= Beginning of Section =

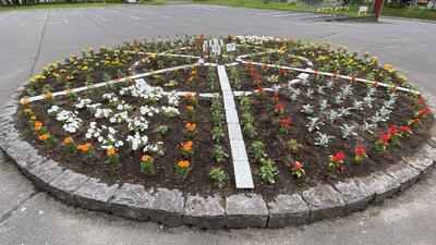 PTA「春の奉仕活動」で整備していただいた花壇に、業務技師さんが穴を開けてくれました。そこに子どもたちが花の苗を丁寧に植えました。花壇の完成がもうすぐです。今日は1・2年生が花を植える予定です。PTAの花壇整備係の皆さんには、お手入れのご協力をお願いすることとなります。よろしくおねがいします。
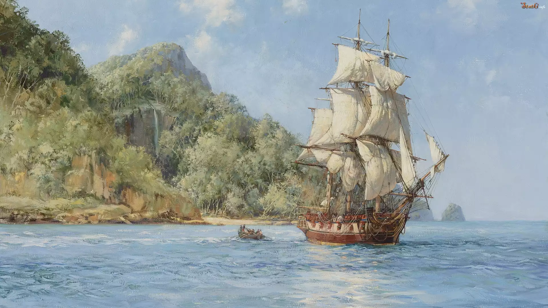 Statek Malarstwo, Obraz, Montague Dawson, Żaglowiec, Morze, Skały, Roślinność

= End of Section =
= Beginning of Section =

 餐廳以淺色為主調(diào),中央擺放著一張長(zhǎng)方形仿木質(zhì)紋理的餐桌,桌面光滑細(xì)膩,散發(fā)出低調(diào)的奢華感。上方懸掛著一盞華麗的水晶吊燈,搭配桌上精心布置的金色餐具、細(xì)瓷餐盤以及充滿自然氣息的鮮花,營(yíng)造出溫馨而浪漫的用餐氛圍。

= End of Section =
= Beginning of Section =

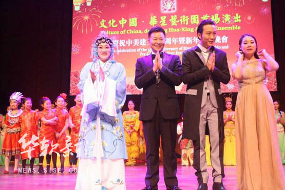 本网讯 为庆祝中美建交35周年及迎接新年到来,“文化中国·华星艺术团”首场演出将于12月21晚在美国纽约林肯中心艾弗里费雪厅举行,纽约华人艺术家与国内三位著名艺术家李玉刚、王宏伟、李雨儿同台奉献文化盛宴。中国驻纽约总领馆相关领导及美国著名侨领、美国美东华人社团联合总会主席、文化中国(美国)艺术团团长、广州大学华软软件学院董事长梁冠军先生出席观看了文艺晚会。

= End of Section =

ASSIGNMENT
Starting from the line with "PTA「春の奉仕活動」で整備" in the records above, repeat each line exactly until you have written the line with "Statek Malarstwo, Obraz, Montague", then stop; drop the pictures.

OUTPUT FOR THIS TASK
 PTA「春の奉仕活動」で整備していただいた花壇に、業務技師さんが穴を開けてくれました。そこに子どもたちが花の苗を丁寧に植えました。花壇の完成がもうすぐです。今日は1・2年生が花を植える予定です。PTAの花壇整備係の皆さんには、お手入れのご協力をお願いすることとなります。よろしくおねがいします。
 Statek Malarstwo, Obraz, Montague Dawson, Żaglowiec, Morze, Skały, Roślinność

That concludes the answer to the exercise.